The paintings on cassoni were not intended just to dazzle and entertain with their rich, decorative details but also to show off their patrons‘ intellect and culture. Popular themes were illustrations of ancient or contemporary poetry, classical mythology, ancient history and the Old Testament. Sometimes, as here, patrons chose scenes from contemporary life.
This picture shows a jousting tournament, known as an armeggeria. Noble families would put on tournaments like this to forge alliances or as shows of strength. Sometimes they made a show of impressing a particular young woman, and there are accounts of a festival-type atmosphere with floats representing the idea of the ’Triumph of Love‘. The use of such scenes on marriage chests was appropriate because of the romantic and chivalric ideas that were embedded in these tournaments – but actual marriage alliances were forged in private. The scene allows for plenty of quirky details, an abundance of colour, the display of coats of arms and the use of gold leaf for the horses’ intricate harnesses. The joust itself is divided by an arched structure which separates the riders who attempt to knock each other off their horses with lances. Curiously, one of the riders to the left has gilded wings; perhaps he has come as Amor, the winged god of love.
The building enclosing the scene on the far right is a church, perhaps the Florentine church of Santa Croce. In the arches above its doors we can see the coats of arms of the Florentine people (the red cross on a white background). Another, which looks like a pair of pincers, is also embroidered onto the capes of some of the jousters and appears on the textile just in front of the spectators‘ platform. It might be the emblem of the Tanagli family, whose name means pincer. The other prominent emblem shows a lion rampant (rearing up) on one side and shields on the other – similar to the coat of arms of the Spinelli family. These also appear on the chest itself, on either side of the main painted panel, and on the armour of a mounted knight and the cloak of his horse on a side panel on the left of the chest. It might be tempting to think that the devices represent the two families united by marriage, but it’s likely that they are later additions.

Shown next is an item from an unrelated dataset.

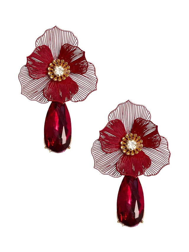 Pink Flower Mixed Silver-tone Stud Earrings - 9 Pack

Some painters specialised in furniture painting, such as Apollonio di Giovanni. He had a large workshop; he accepted at least 170 commissions for marriage chests during the period of his collaboration with Marco del Buono. Most painters – even the most famous – would have painted furniture. Botticelli’s Venus and Mars for example, was probably intended for the furnishing of a chamber (a room that had beds, but which wasn’t exactly like a modern bedroom).

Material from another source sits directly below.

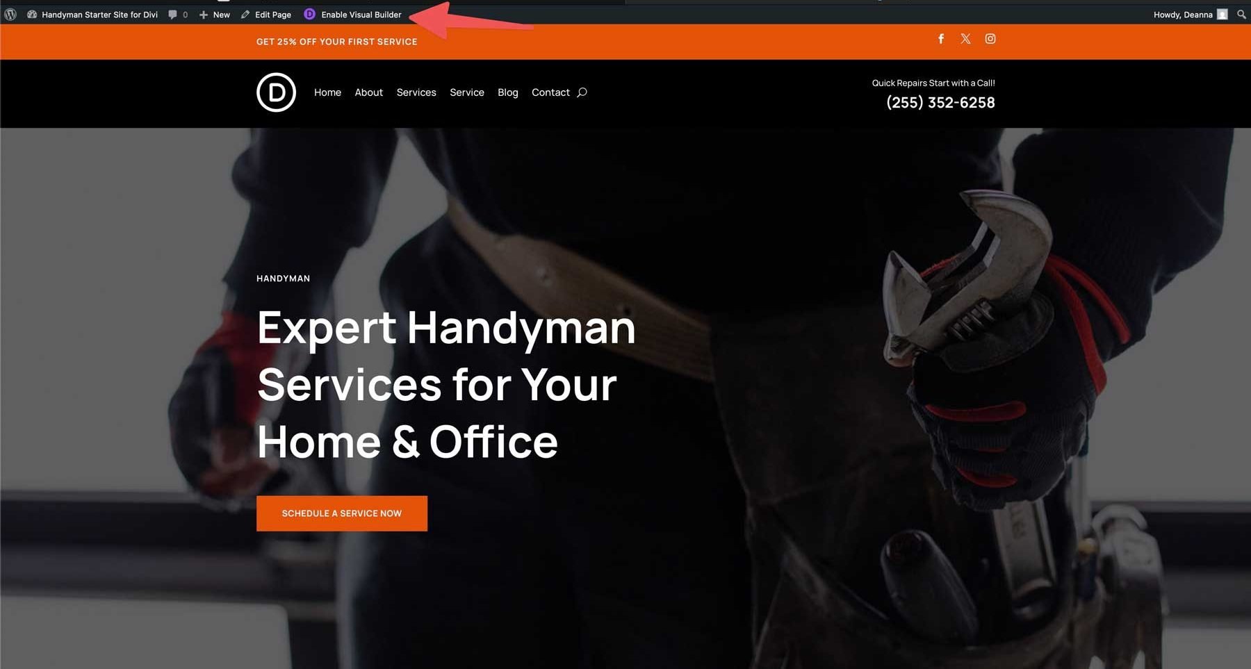 Let’s dive deeper into the Divi Handyman Starter Website and uncover what’s integrated!

Very few of these painted chests remain intact and usually the paintings have been detached from the chests. The National Gallery’s two cassone (this, and The Story of the Schoolmaster of Falerii) are relatively rare survivals. However, they were heavily restored and renewed in the nineteenth-century. For example, this one includes side panels from another chest. The carved lion’s feet they rest on were added to make the cassone look grander and more elaborate than they did originally.